**Your goal**
Return exactly the lines from the one containing "- 結界師/クオカード 2枚組/田辺イエロウ/少年サンデー/抽選プレゼント/" through the last line of the records below, both included, and leave out any pictures.

------------

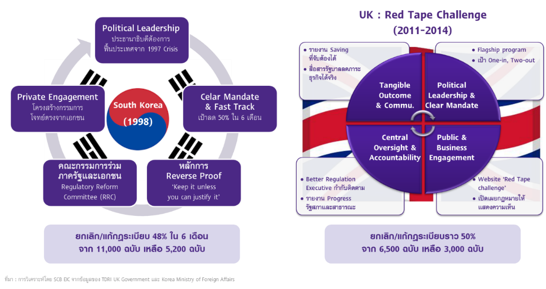 ปัญหา Regulatory reform ไม่ใช่เรื่องใหม่ของไทย รัฐบาลที่ผ่านมาต่างตระหนักถึงปัญหานี้และพยายามปฏิรูปกฎเกณฑ์ภาครัฐเพื่ออำนวยความสะดวกให้ภาคธุรกิจมาอย่างต่อเนื่อง อย่างไรก็ดี การปฏิรูปยังไม่ค่อยเห็นผลเป็นรูปธรรม เพราะไทยขาดผู้นำที่มุ่งมั่นจริงจัง ขาดเจ้าภาพหลัก ขาดแรงจูงใจในระบบราชการให้เปลี่ยนแปลงตัวเอง และขาดความต่อเนื่องทางการเมือง ประเทศที่ปฏิรูปกฎเกณฑ์ภาครัฐได้สำเร็จ เช่น เกาหลีใต้ สหราชอาณาจักร และเวียดนาม ต่างมีปัจจัยร่วม คือ ผู้นำตั้งเป้าหมายปฏิรูปครั้งใหญ่และกำหนดกรอบเวลาชัดเจน การตั้งเจ้าภาพกลางที่มีอำนาจกำกับติดตาม การออกแบบระบบติดตามความคืบหน้าที่โปร่งใส รวมถึงการเปิดให้ภาคเอกชนและภาคประชาสังคมมีส่วนร่วมให้ข้อมูลเพื่อปรับปรุง
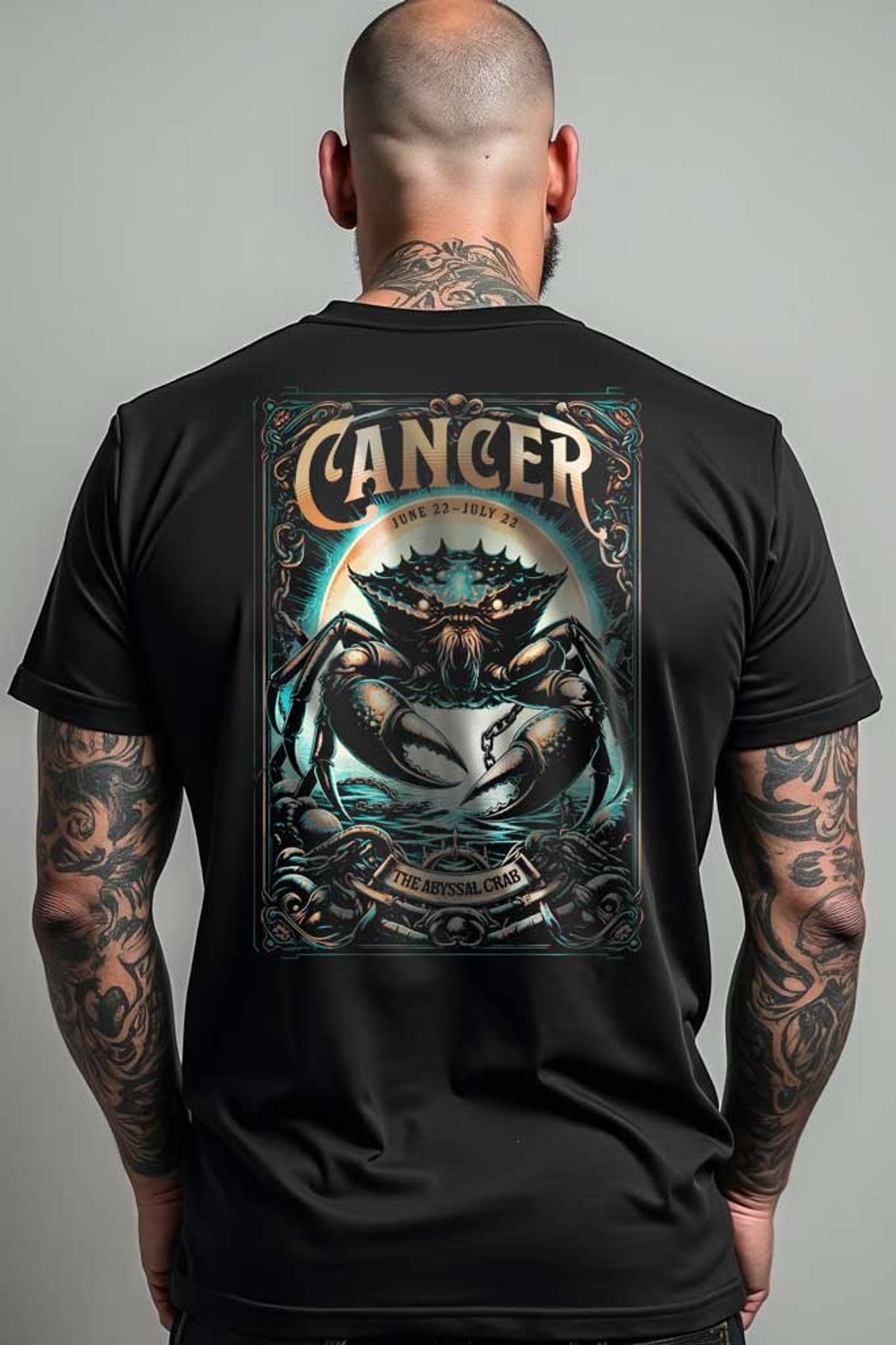 Bär ditt stjärntecken med stolthet – denna Kräfta T-shirt herr är skapad för dig som är född i känslornas och intuitionens tecken: Cancer. Ett vackert och detaljrikt tryck med texten "Cancer – The Abyssal Crab" ger tröjan en mystisk och kraftfull aura, perfekt för dig som rör dig mellan djupa emotioner och lojalitetens landskap.
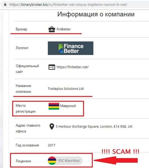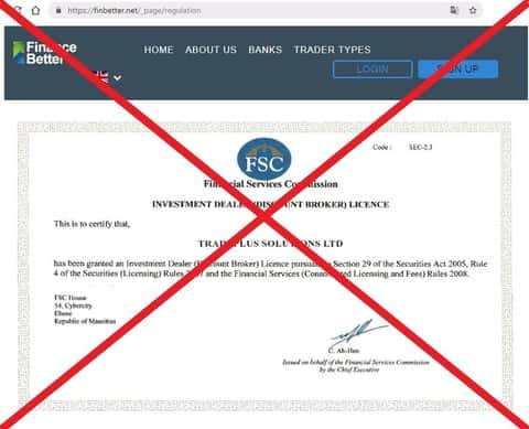 На каких же простачков рассчитан лохотрон FinBetter, если все сведения об этой шарашкиной конторе – ложь, и предоставлены исключительно для того, чтобы запутать пользователя. Возьмем организацию, регулирующую деятельность этого брокера, название которого на самом деле Tradeplus Solutions Ltd. В качестве регулятора конторы указана независимая, и в общем-то, не вызывающая сомнений, компания – FSC или Financial Services Commission Mauritius.
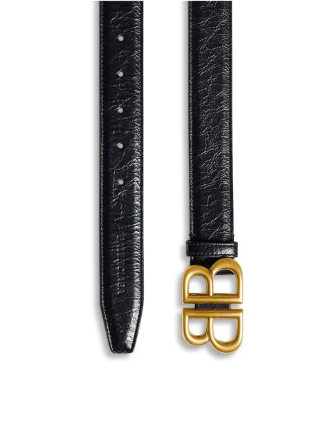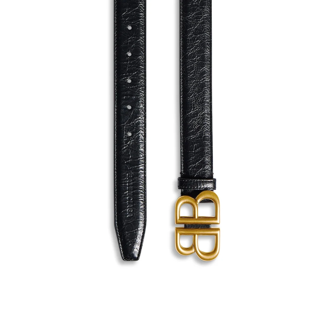 Monaco Belt in black Arena calfskin, aged-gold hardware PRODUCT DETAILS • Dimensions: Width: 1,2 inch • Arena calfskin • Balenciaga logo embossed tone-on-tone at end tip • Aged-gold BB logo hardware • 20 notches on the belt • Tone-on-tone leather loop • Made in Italy • Wipe with a soft cloth Material: 100% calfskin
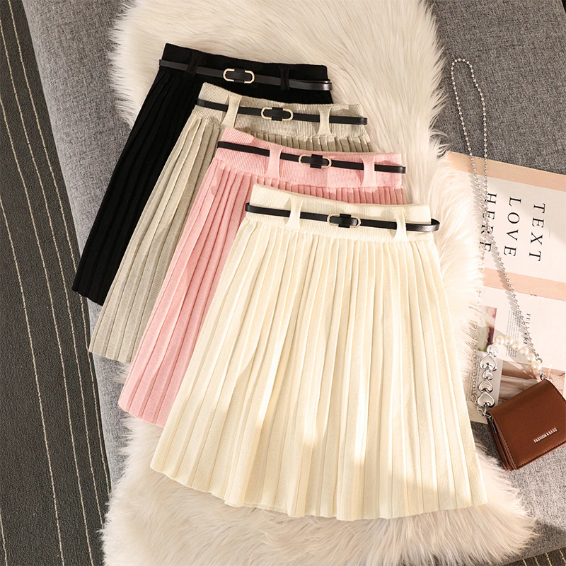 Solid Elegant Holiday minigonna lavorata A maglia donna 2023 autunno inverno spessa calda una linea A vita alta gonne corte pieghettate donna Casual
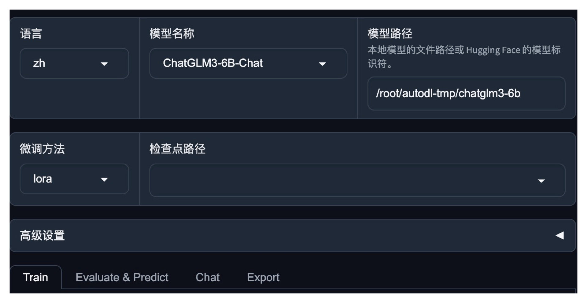 准备好数据之后,我们打开微调界面。
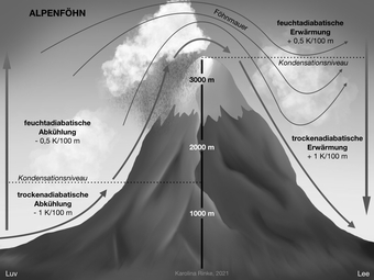 Das Bild gehört zur Serie "Grafische Darstellung Alpenföhn". Das Bild verdeutlicht den Alpenföhn (Föhnwind des Alpenraumes). Bild-Variante: Berg mit Wolken und Niederschlag; s/w; beschriftet. Es gelten die Nutzungsbedingungen der Mediothek und Pixiothek.
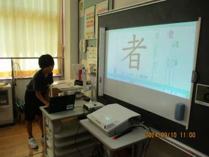 新出漢字の練習の様子です。学習リーダーを中心に、自分たちで学習を進めています。読む時間、空書きの時間、書く時間など、時間を区切りながら集中して取り組んでいます。
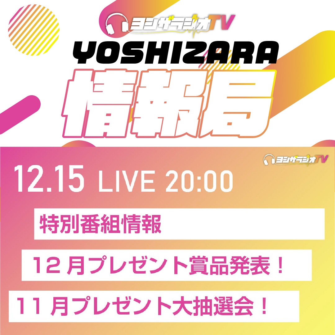 YOSHIZARA情報局は、ヨシザラジオTVの「旬」を伝える情報番組です!
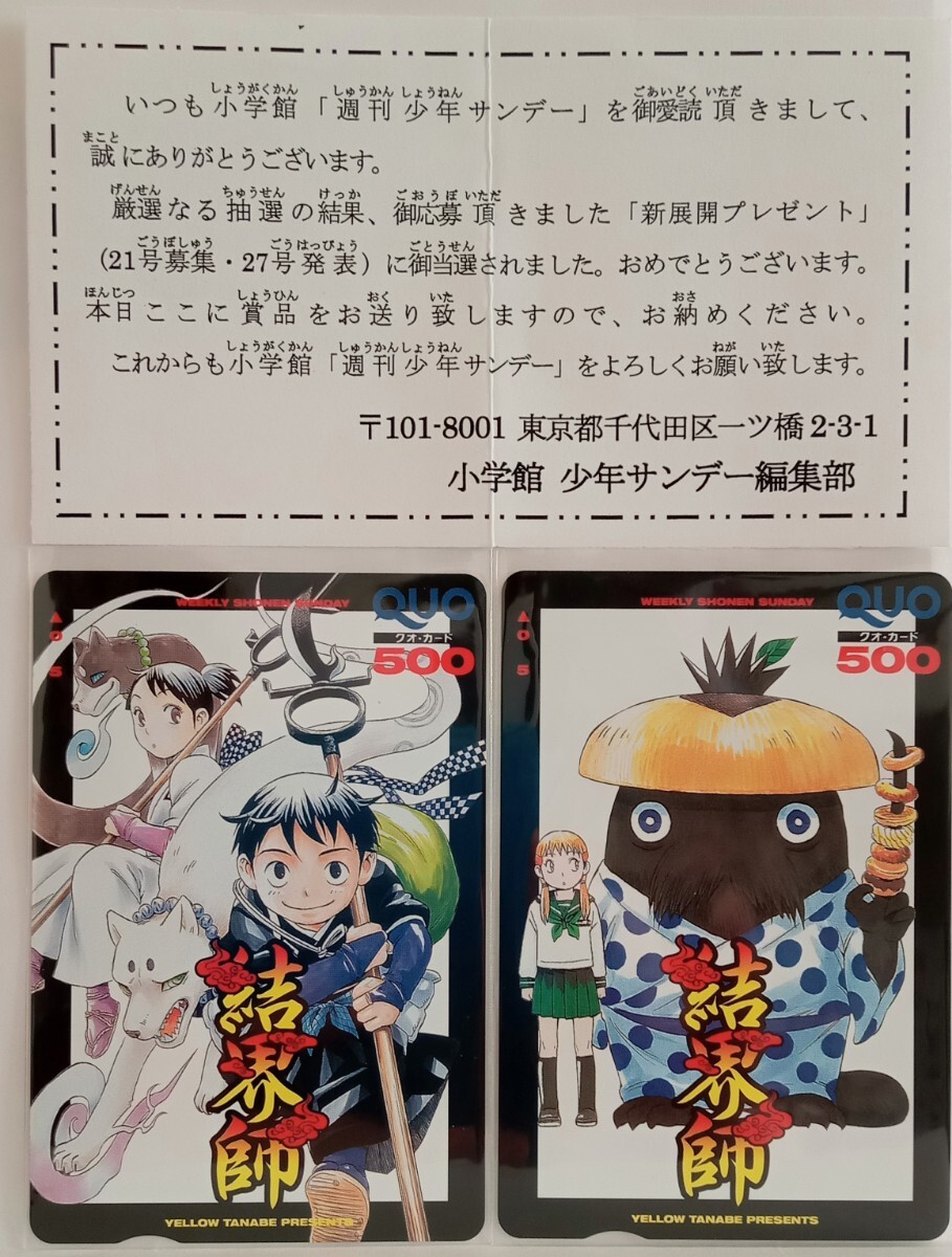 - 結界師/クオカード 2枚組/田辺イエロウ/少年サンデー/抽選プレゼント/ 当選品/QUOカード
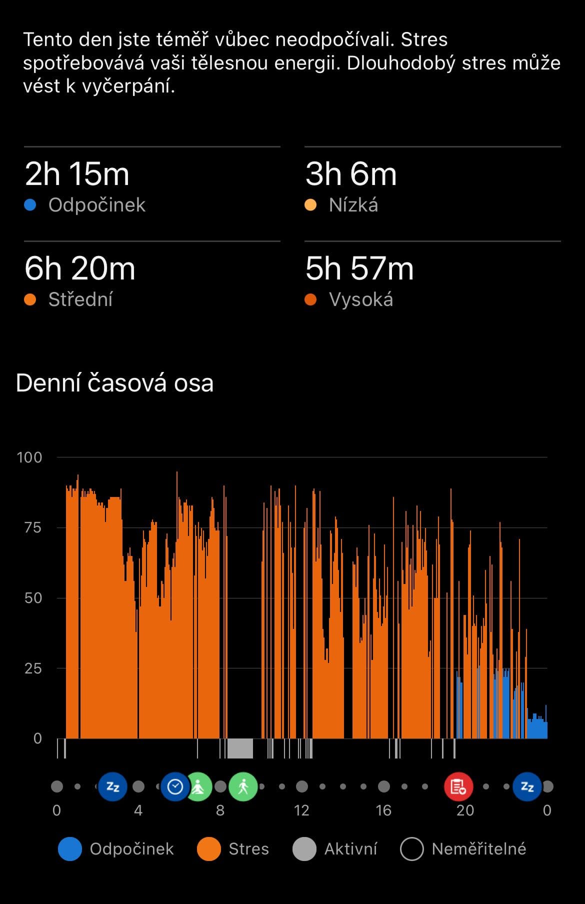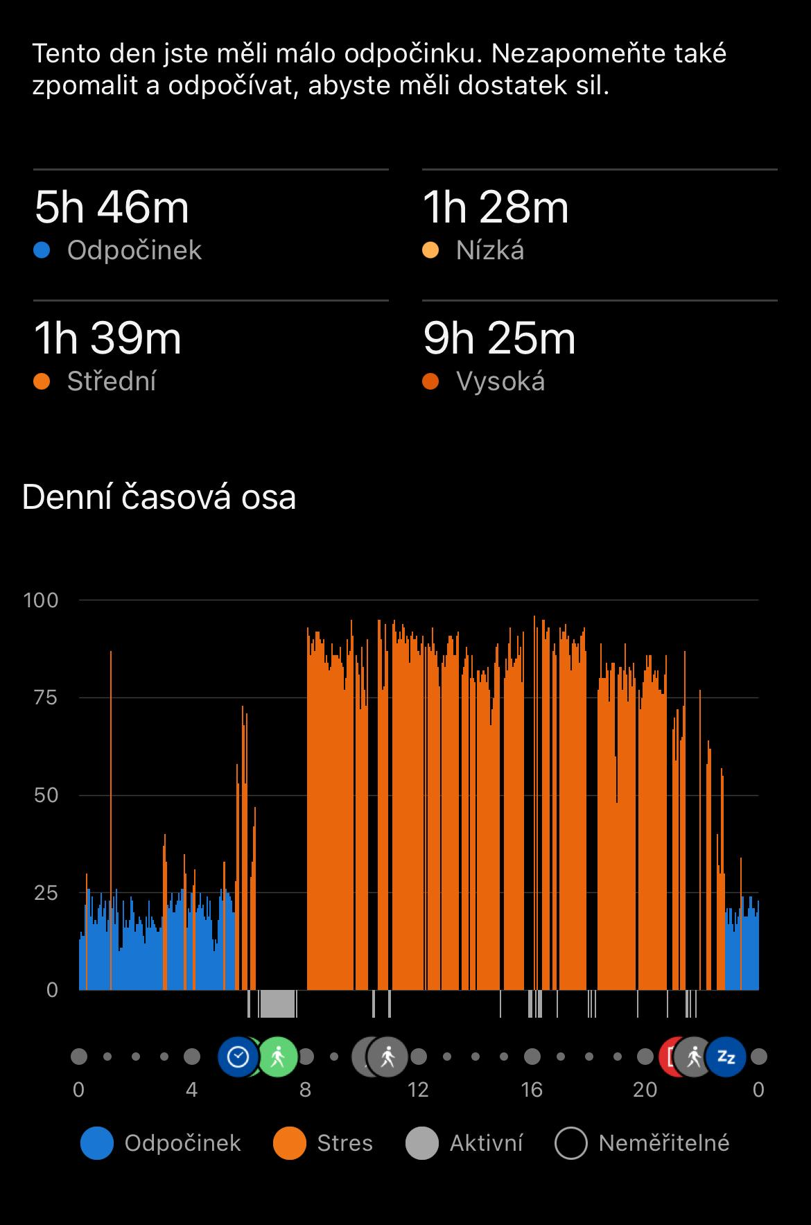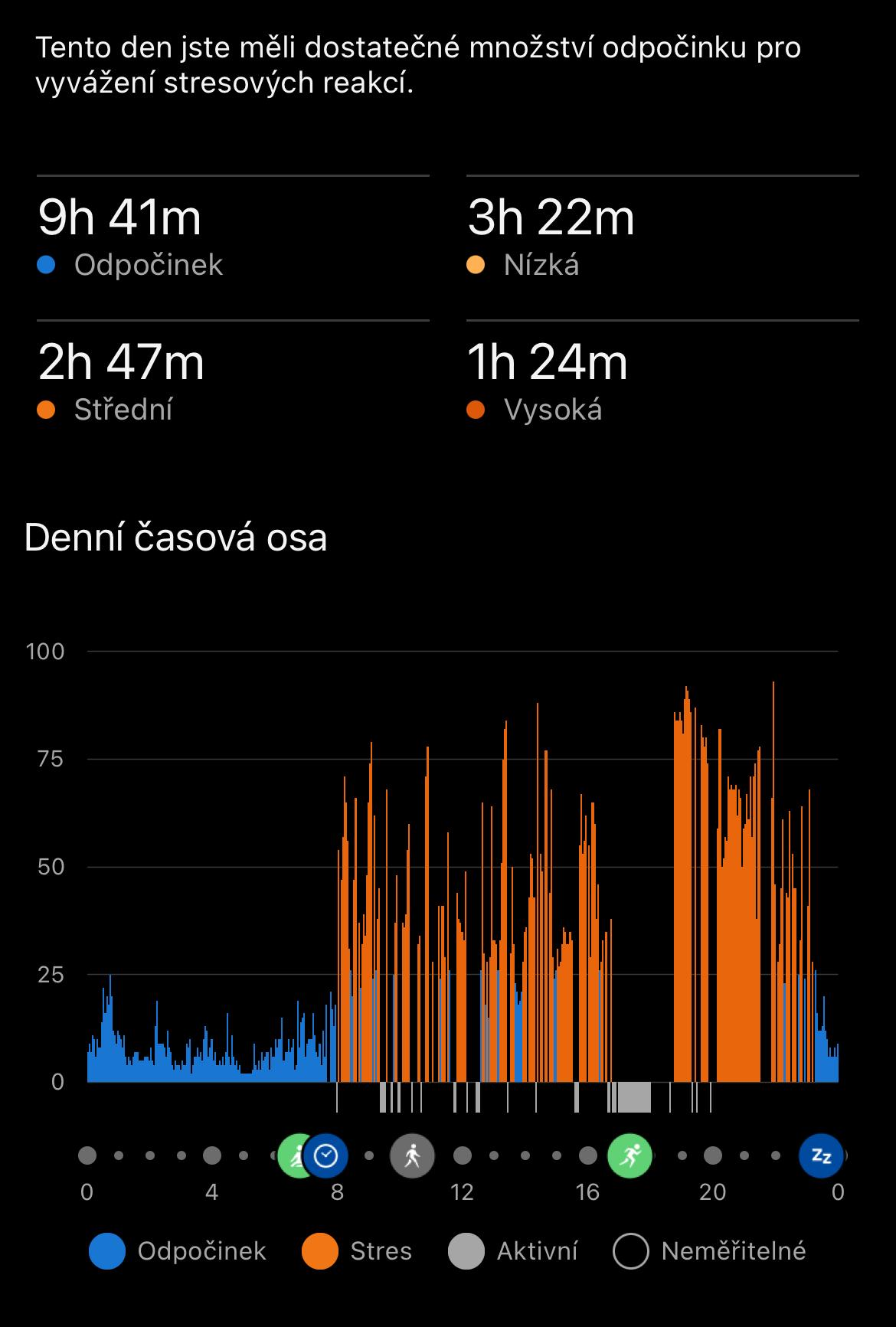 Vidět to takhle černé na bílém s člověkem trochu zamává. Znám lidi, co to řeší tak, že si radši vypnou tep, aby je hodinky neotravovaly se stresovými událostmi, když jdou na "na jedno" (nebo si hodinky radši vůbec neberou...).

------------

**Written answer**
 - 結界師/クオカード 2枚組/田辺イエロウ/少年サンデー/抽選プレゼント/ 当選品/QUOカード
 Vidět to takhle černé na bílém s člověkem trochu zamává. Znám lidi, co to řeší tak, že si radši vypnou tep, aby je hodinky neotravovaly se stresovými událostmi, když jdou na "na jedno" (nebo si hodinky radši vůbec neberou...).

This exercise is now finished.